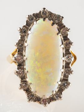 An opal and diamond cluster ring, of elongated oval form, claw set to the centre with an oval-cut opal cabochon, measuring approx. 21.0mm x 10.5mm, with an illusion set surround of sixteen brilliant-cut diamonds, bi-colour metal, marked 18ct, size I1/2, 8.8grams.(Note: there is a finial decoration missing between the 'V' split to one shoulder and the shank is misshapen and there is one claw missing).
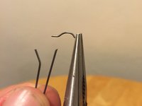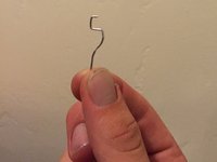 Bend in paperclip into the hook shape pictured so it will be able to loop around the divots on the plastic lever.
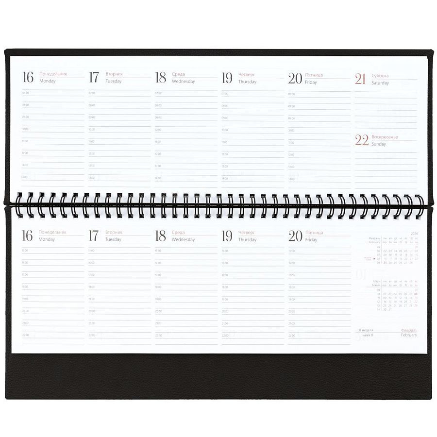 Планинг с твердой обложкой с поролоном, выполнен из материала La Fite, черный АА.

● **AIM OF THE EXERCISE**:
Where a picture appears in the data, omit it; restate the rest word for word.

● **SOLUTION TO THIS PROBLEM**:
 An opal and diamond cluster ring, of elongated oval form, claw set to the centre with an oval-cut opal cabochon, measuring approx. 21.0mm x 10.5mm, with an illusion set surround of sixteen brilliant-cut diamonds, bi-colour metal, marked 18ct, size I1/2, 8.8grams.(Note: there is a finial decoration missing between the 'V' split to one shoulder and the shank is misshapen and there is one claw missing).
 Bend in paperclip into the hook shape pictured so it will be able to loop around the divots on the plastic lever.
 Планинг с твердой обложкой с поролоном, выполнен из материала La Fite, черный АА.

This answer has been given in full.